THE MEMBERS OF, LIPPI SYSTEM LIMITED

Your directors have pleasure in presenting their Annual Report together with the Audited Annual accounts for the year ended on 31st March, 2015.

OPERATIONS:

Your directors are pleased to report that for the year under review, your Company has been able to achieve a net turnover of Rs. 22.91 crores as compared to Rs. 28.39 crores for the previous year. However, in spite of fall in turnover, your company could achieve a net profit of Rs. 53.65 lacs as against a net profit of Rs. 23.17 lacs for the preceding year.

Your directors expect some better results for the current year.

DIVIDEND:

In view of the marginal profits for the year under review, your directors have not recommended any dividend for the year under report.

FIXED DEPOSITS:

During the year under review your company has not accepted any fixed deposits from the public and therefore no information is required to be furnished in respect of outstanding deposits.

VIGIL MECHANISM/WHISTLE BLOWER POLICY:

Pursuant to Section 177(9) of the Companies Act, 2013 and clause 49 of the Listing Agreement, the Company has formulated a Whistle Blower Policy to establish a vigil mechanism for directors and employees of the Company.
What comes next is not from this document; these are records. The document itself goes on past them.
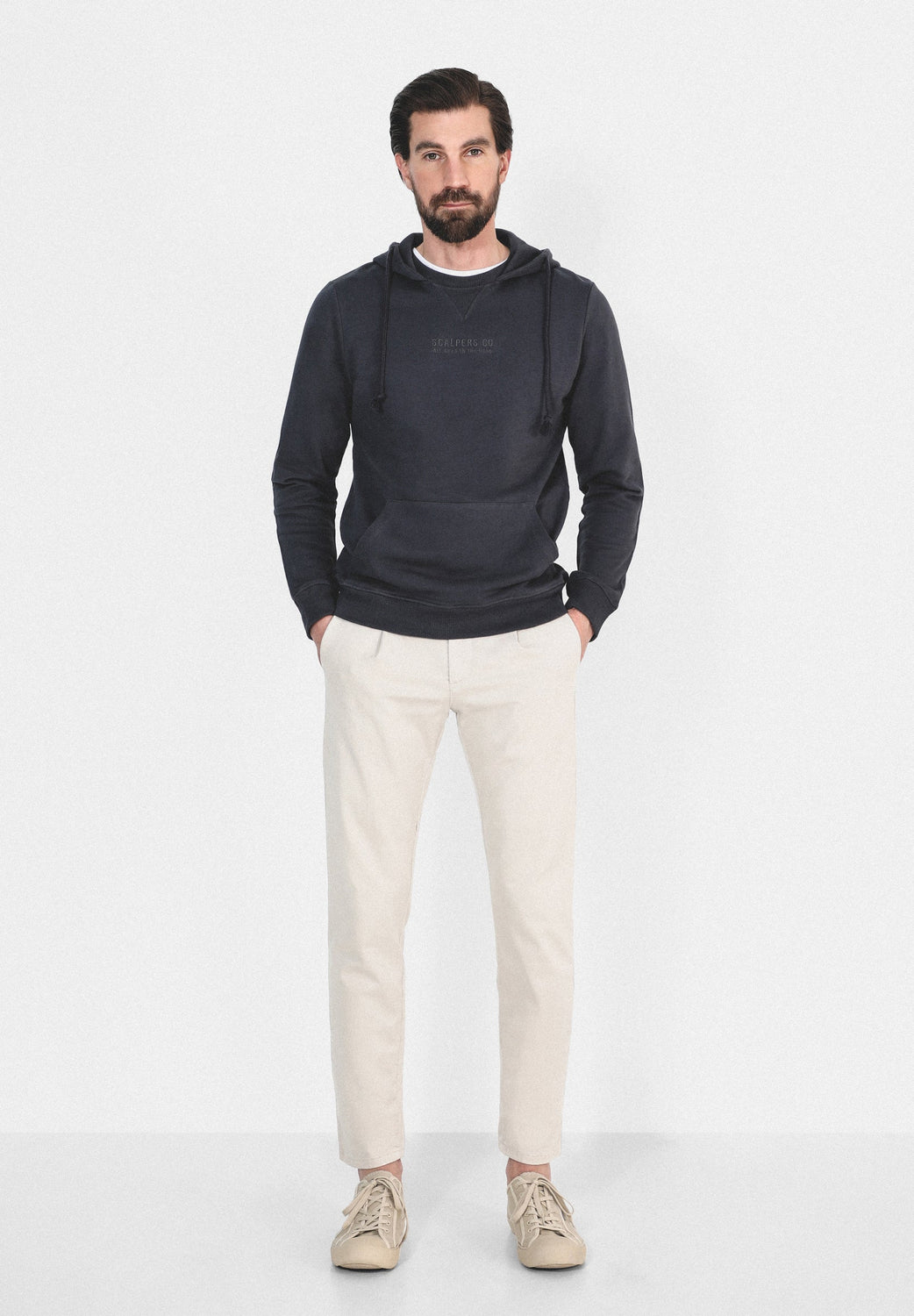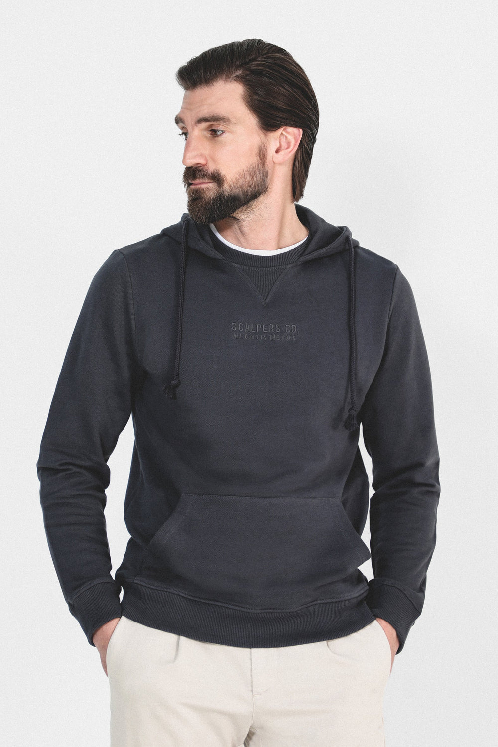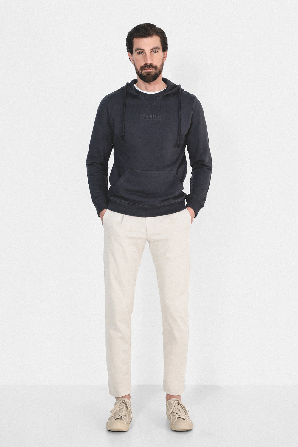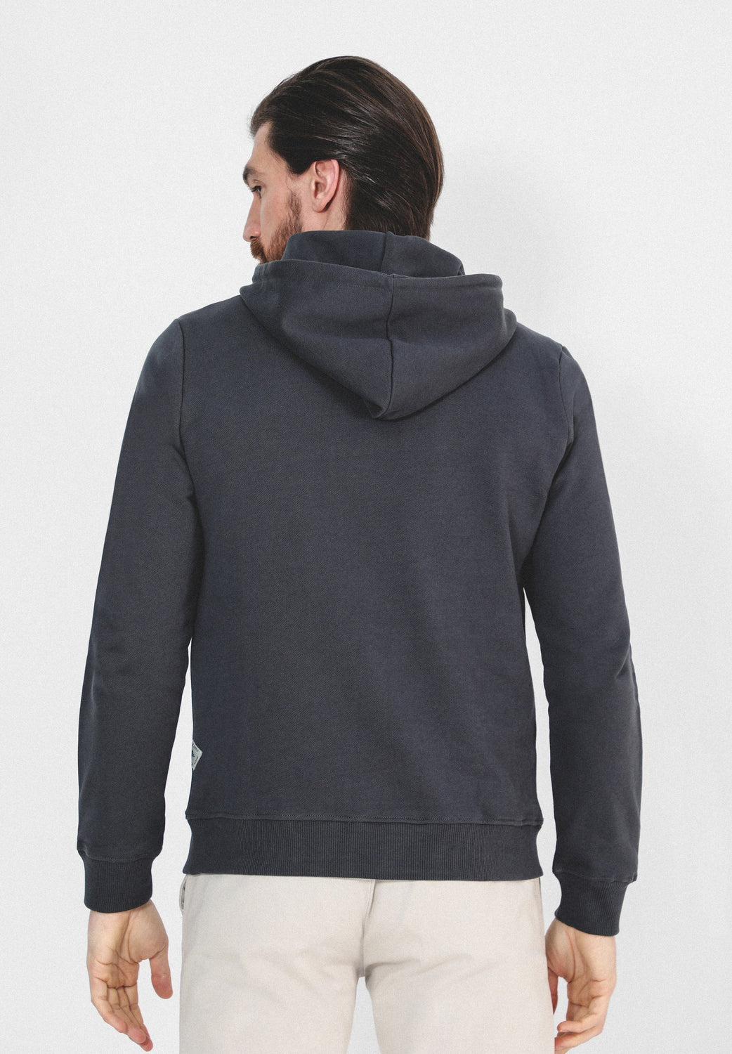 Sudadera confeccionada en tejido 100% algodón. Corte Regular Fit, cuello con capucha ajustable con cordón y manga larga. Bolsillo canguro y detalle de logo frontal.
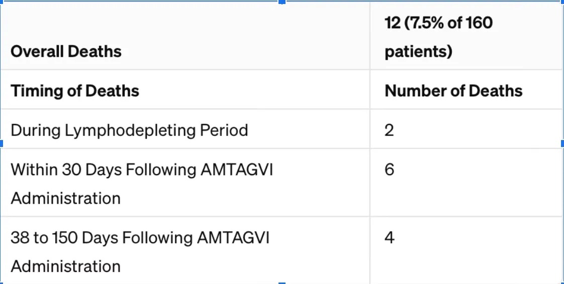 Out of the original 160 people who received the treatment, ultimately only 73 patients were a part of the main analysis of how well AMTAGVI worked, less than half of the original.
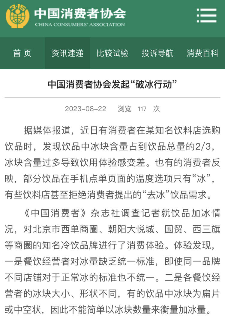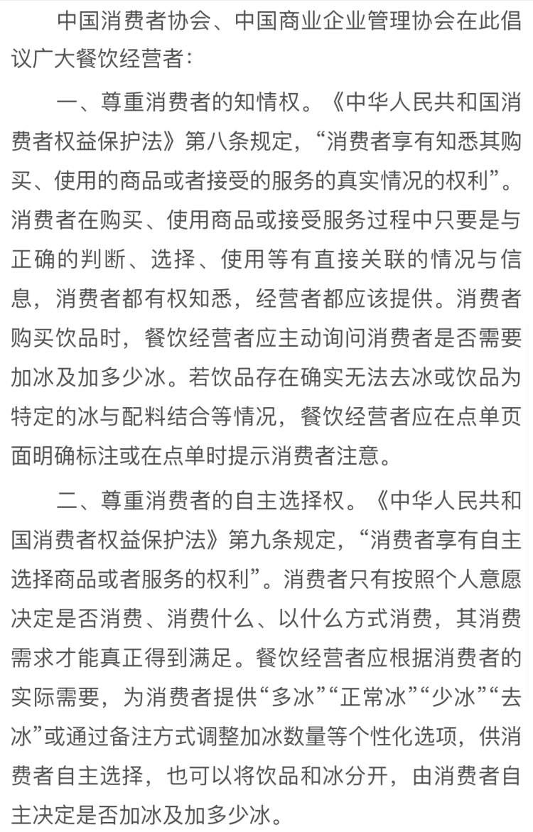 据中国消费者协会网站8月22日消息,中国消费者协会、中国商业企业管理协会发出倡议。倡议中强调,饮品加冰需以尊重消费者合法权益为前提。

The purpose and objective of this Policy is to provide a framework to promote responsible and secure whistle blowing. It protects the employees wishing to raise a concern about serious irregularities within the Company. The details of the  Whistle Blower Policy are posted on the website (www.lippisystems.com) of the Company. (Link: <http://www.lippisystems.com/images/code_of_conductAVhistleBlowerPolicy.pdf>).

RISK MANAGEMENT AND INTERNAL CONTROL SYSTEMS:

The Company has established a well-defined process of risk management, where in the identification, analysis and assessment of the various risks, measuring of the probable impact of such risks, formulation of risk mitigation strategy and implementation of the  same takes place in a structured manner. Though the various risks associated with the business cannot be eliminated completely, all efforts are made to minimize the impact of such risks on the operations of the Company. Necessary internal control systems are also put in place by the Company on various activities across the board to ensure that business operations are directed towards attaining the stated organizational objectives with optimum utilization of the resources. Apart from these internal control procedures, a well-defined and established system of internal audit is in operation to independently review and strengthen these control measures, which is carried out by a reputed firm of Chartered Accountants. The Audit Committee of the Company regularly reviews the reports of the internal auditors and recommends actions for further improvement of the internal controls. The Risk Management policy is posted on the website of the Company.

RELATED PARTY TRANSACTIONS:

The Company has entered into related party transaction with relative of promoter Ms Shashiben G. Gupta (Wife of Mr Nandlal J. Agrawal, MD & Chairman) during the financial year 2014-15, the details of which are given in the notes forming parts of Financial Statements. All Related Party Transactions entered into are on an arm's length basis. There are no materially significant Related Party Transactions made by the Company with promoters, directors, Key Managerial Personnel or other designated persons which may have potential conflict with the interests of the Company at large.

On the recommendation of the Audit Committee, the Board of Directors has adopted a policy on Related Party Transactions, which is also uploaded on the website of the Company (www.lippisystems.com) under the head of'Investor'. The Policy envisages the procedure governing related party transactions required to be followed to ensure compliance with the applicable laws and regulations as well as to ensure that the Related Party Transactions are managed and disclosed in accordance with the strict legal and accounting requirements.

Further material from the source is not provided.